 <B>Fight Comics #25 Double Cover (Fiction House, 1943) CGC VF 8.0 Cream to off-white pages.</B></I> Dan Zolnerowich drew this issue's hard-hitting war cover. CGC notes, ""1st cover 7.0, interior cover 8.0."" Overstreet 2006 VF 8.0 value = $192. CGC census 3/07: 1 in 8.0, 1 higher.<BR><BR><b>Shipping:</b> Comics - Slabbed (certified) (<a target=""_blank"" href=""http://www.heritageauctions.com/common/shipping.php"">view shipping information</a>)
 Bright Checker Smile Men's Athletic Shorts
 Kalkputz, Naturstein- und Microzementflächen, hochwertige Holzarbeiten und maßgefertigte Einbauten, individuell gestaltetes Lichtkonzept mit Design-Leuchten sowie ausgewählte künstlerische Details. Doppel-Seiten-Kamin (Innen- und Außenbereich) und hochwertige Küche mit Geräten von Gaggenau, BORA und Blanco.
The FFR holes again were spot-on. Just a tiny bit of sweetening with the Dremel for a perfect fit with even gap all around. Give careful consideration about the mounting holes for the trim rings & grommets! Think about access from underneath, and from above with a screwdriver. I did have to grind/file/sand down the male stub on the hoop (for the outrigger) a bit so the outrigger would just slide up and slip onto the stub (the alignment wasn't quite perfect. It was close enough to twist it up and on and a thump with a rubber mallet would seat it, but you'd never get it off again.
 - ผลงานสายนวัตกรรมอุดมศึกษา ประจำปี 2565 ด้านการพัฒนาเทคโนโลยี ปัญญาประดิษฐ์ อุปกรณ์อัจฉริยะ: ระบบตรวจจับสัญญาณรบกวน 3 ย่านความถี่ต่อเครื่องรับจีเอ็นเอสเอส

.....

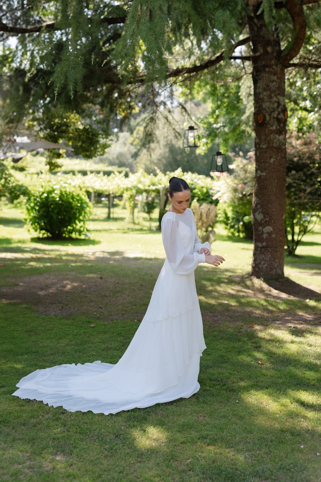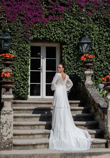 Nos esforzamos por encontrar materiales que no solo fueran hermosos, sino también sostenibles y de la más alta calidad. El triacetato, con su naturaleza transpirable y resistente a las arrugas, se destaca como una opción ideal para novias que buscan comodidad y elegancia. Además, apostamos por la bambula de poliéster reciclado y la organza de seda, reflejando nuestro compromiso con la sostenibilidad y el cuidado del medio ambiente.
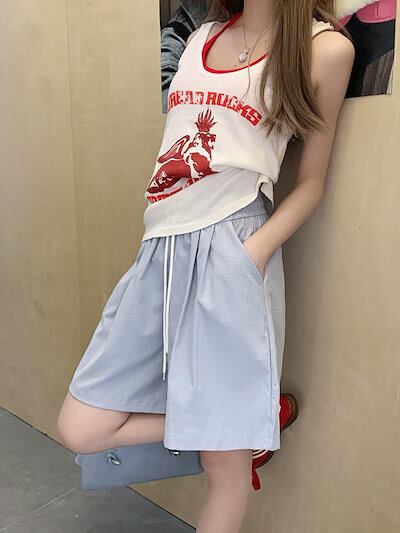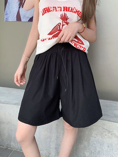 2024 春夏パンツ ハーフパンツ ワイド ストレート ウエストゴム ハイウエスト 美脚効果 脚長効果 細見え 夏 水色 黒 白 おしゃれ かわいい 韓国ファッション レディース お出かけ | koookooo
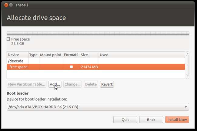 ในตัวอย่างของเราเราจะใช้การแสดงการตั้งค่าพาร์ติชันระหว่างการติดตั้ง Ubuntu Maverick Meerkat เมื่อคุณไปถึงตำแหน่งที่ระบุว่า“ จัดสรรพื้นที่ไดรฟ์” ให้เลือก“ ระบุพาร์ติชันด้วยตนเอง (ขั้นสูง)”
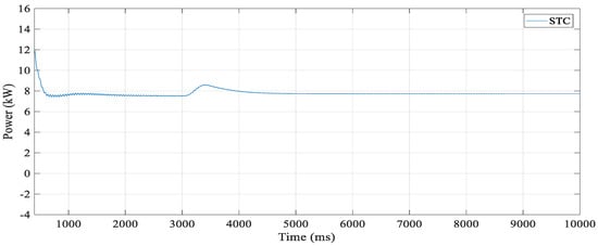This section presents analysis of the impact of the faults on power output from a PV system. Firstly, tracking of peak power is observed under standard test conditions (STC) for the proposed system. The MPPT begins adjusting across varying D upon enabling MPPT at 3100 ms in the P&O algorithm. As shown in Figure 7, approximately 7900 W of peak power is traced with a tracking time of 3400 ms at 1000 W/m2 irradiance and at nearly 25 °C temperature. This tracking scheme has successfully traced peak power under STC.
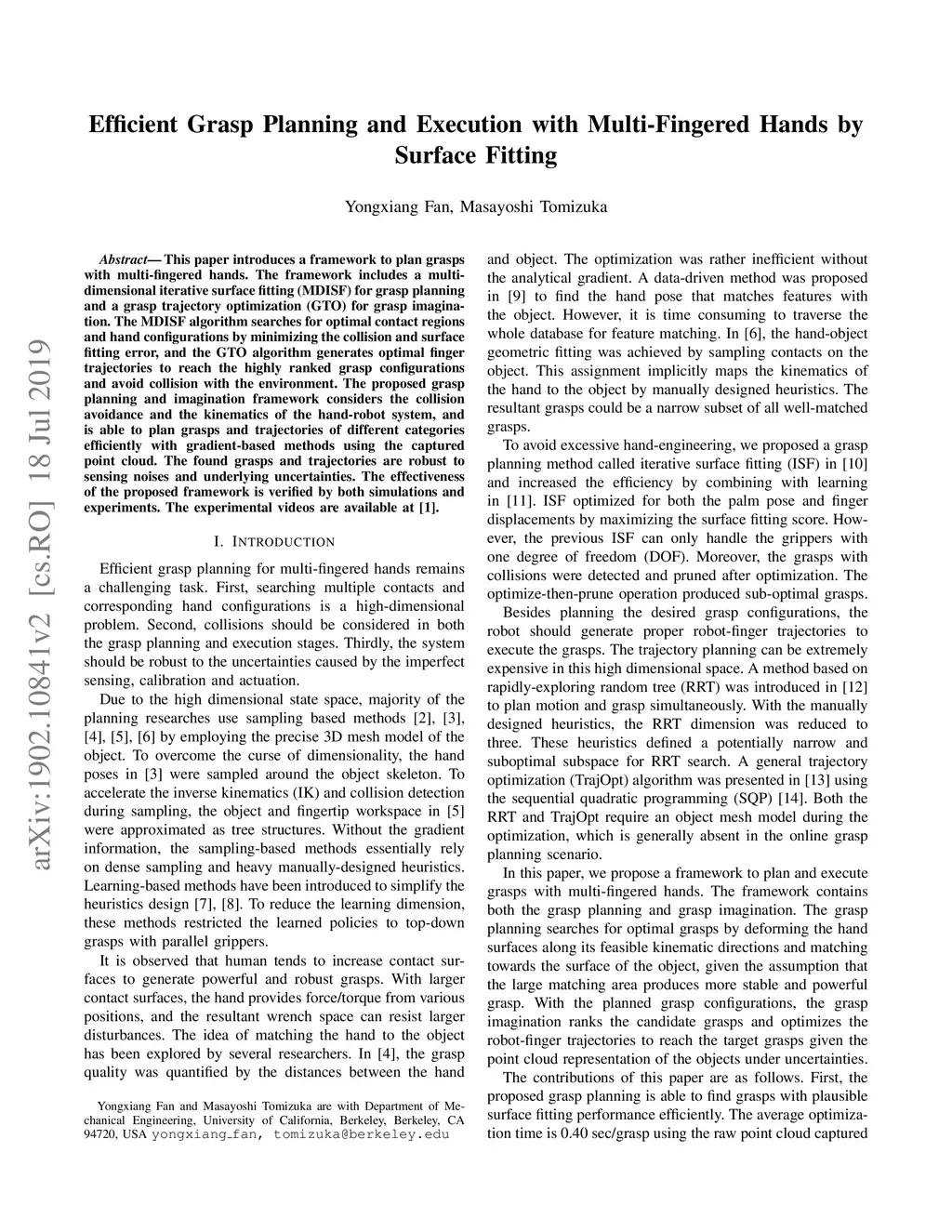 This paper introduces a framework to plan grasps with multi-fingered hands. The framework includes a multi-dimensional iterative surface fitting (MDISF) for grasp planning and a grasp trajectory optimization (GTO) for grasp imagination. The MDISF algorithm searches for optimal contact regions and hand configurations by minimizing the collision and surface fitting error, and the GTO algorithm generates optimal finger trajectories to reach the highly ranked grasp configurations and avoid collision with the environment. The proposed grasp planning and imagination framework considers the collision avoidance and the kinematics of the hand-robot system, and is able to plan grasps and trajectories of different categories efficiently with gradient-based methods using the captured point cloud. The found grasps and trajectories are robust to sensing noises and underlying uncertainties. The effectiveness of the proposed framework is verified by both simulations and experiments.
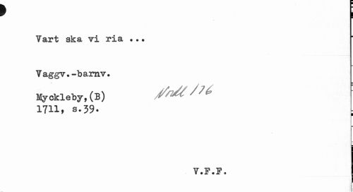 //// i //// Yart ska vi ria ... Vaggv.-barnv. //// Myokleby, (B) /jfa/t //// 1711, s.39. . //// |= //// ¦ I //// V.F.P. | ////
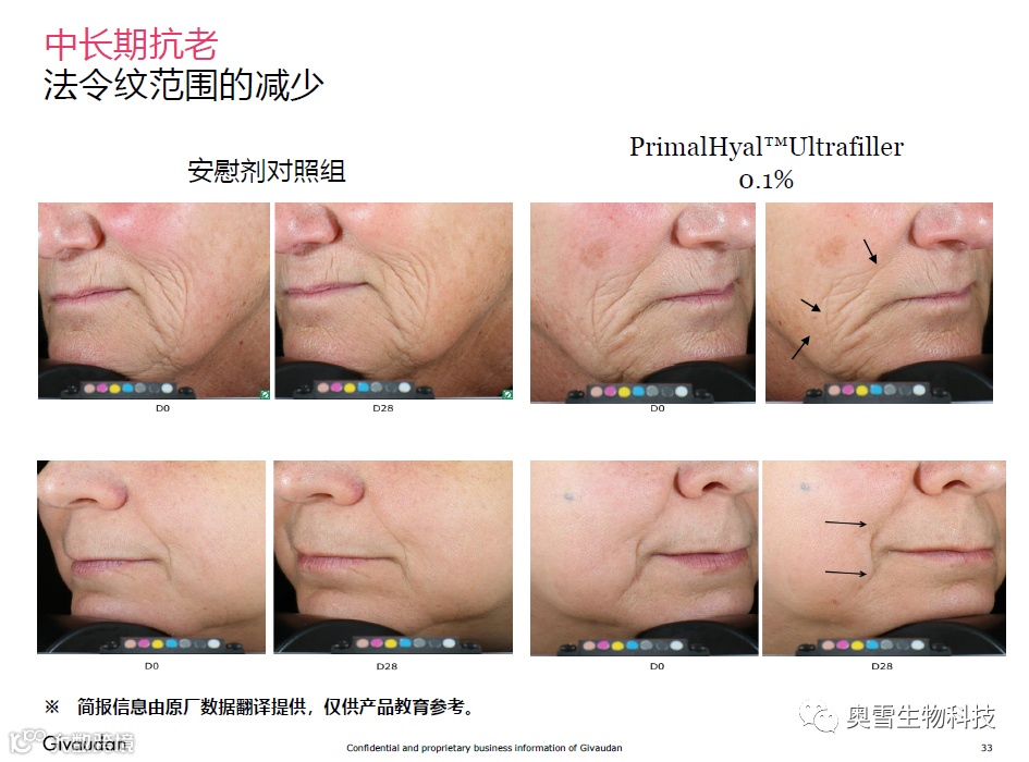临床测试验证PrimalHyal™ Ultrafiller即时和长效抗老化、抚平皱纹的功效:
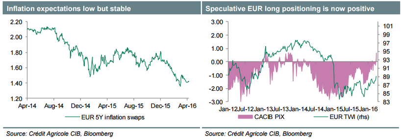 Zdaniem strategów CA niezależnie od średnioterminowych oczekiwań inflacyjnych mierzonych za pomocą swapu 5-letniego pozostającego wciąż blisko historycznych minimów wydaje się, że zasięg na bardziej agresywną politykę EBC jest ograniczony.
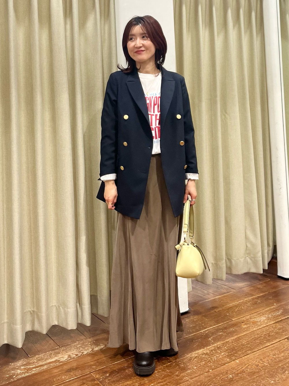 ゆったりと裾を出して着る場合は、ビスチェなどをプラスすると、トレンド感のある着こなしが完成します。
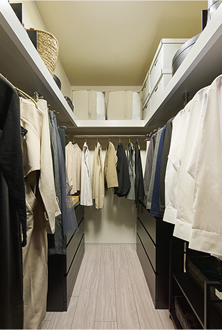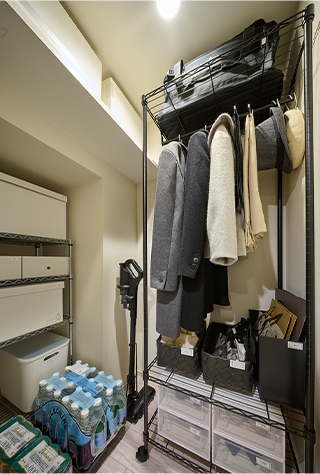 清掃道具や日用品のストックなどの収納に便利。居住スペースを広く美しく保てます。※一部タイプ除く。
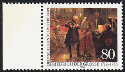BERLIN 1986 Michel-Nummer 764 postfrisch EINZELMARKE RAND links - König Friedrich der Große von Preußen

.....

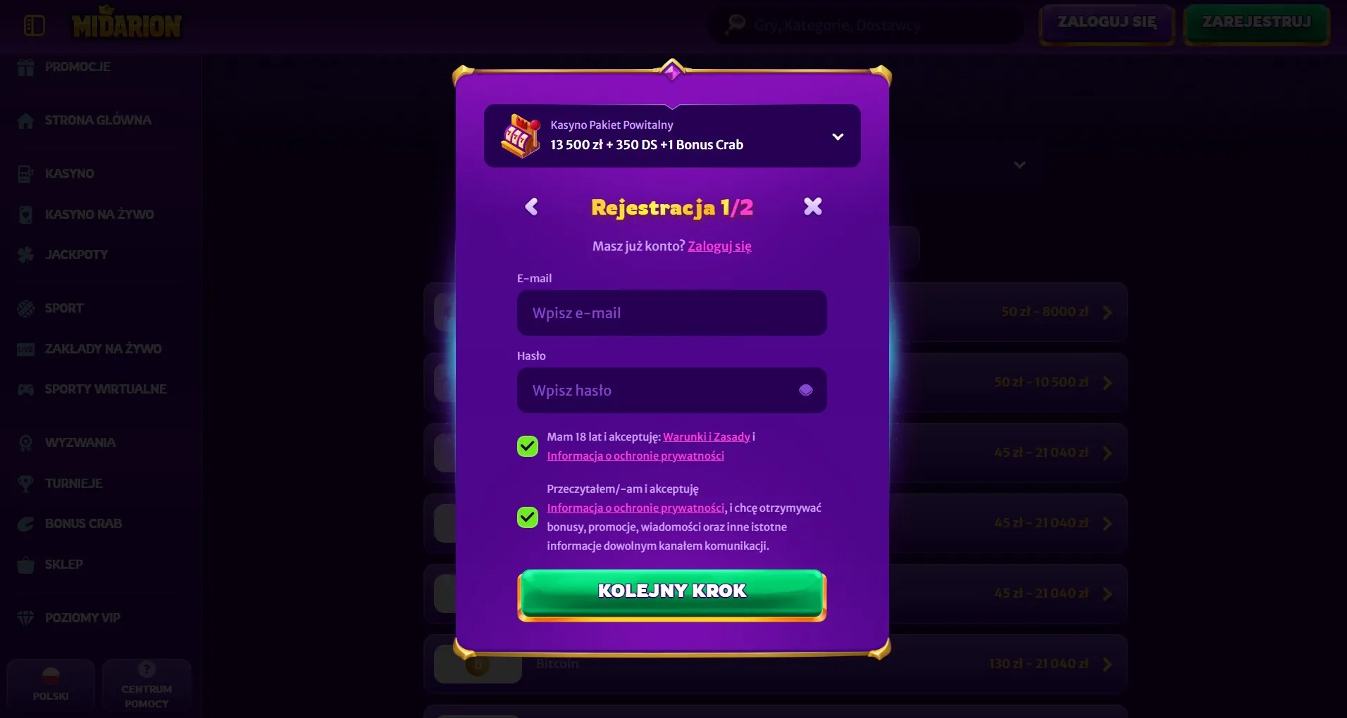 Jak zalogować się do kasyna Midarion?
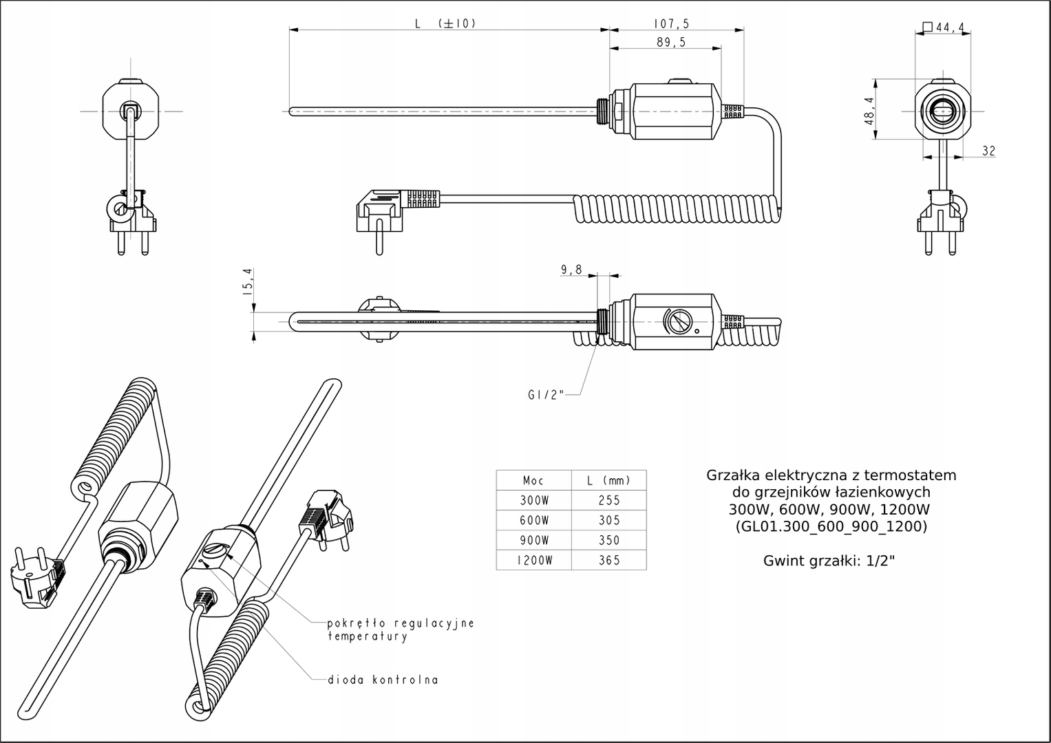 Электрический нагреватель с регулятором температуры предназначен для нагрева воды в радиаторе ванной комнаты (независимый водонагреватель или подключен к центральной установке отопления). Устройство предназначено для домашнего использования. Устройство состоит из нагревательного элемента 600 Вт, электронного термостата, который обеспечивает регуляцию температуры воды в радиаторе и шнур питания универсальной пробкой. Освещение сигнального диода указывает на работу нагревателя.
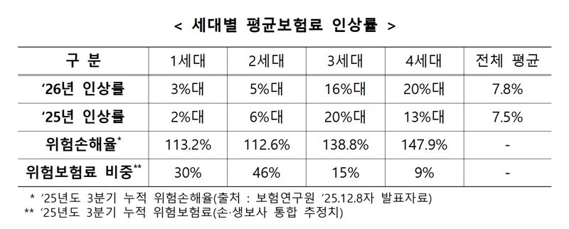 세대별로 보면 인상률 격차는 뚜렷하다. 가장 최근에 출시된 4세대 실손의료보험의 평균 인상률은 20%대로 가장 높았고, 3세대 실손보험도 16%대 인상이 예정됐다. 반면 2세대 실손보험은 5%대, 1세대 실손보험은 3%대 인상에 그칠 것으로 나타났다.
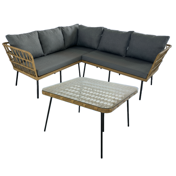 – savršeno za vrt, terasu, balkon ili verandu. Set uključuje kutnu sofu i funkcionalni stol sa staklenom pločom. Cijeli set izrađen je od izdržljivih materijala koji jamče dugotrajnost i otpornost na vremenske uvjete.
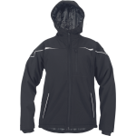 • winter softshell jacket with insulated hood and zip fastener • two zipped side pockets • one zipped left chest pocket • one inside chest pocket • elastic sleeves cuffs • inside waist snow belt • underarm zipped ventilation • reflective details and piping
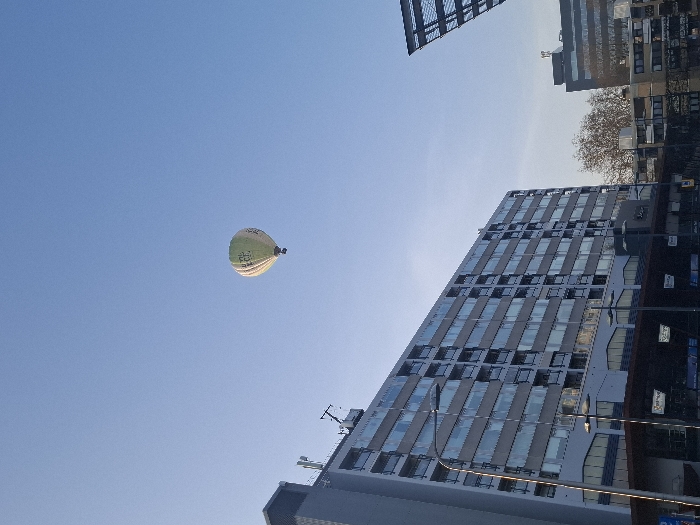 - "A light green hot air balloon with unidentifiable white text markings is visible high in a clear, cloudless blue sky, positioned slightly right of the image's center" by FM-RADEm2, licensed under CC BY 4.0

.....

Go to the line above holding "This section presents", then copy exactly each line down to and including the one holding "临床测试验证PrimalHy", leaving pictures out.

This section presents analysis of the impact of the faults on power output from a PV system. Firstly, tracking of peak power is observed under standard test conditions (STC) for the proposed system. The MPPT begins adjusting across varying D upon enabling MPPT at 3100 ms in the P&O algorithm. As shown in Figure 7, approximately 7900 W of peak power is traced with a tracking time of 3400 ms at 1000 W/m2 irradiance and at nearly 25 °C temperature. This tracking scheme has successfully traced peak power under STC.
 This paper introduces a framework to plan grasps with multi-fingered hands. The framework includes a multi-dimensional iterative surface fitting (MDISF) for grasp planning and a grasp trajectory optimization (GTO) for grasp imagination. The MDISF algorithm searches for optimal contact regions and hand configurations by minimizing the collision and surface fitting error, and the GTO algorithm generates optimal finger trajectories to reach the highly ranked grasp configurations and avoid collision with the environment. The proposed grasp planning and imagination framework considers the collision avoidance and the kinematics of the hand-robot system, and is able to plan grasps and trajectories of different categories efficiently with gradient-based methods using the captured point cloud. The found grasps and trajectories are robust to sensing noises and underlying uncertainties. The effectiveness of the proposed framework is verified by both simulations and experiments.
 //// i //// Yart ska vi ria ... Vaggv.-barnv. //// Myokleby, (B) /jfa/t //// 1711, s.39. . //// |= //// ¦ I //// V.F.P. | ////
临床测试验证PrimalHyal™ Ultrafiller即时和长效抗老化、抚平皱纹的功效:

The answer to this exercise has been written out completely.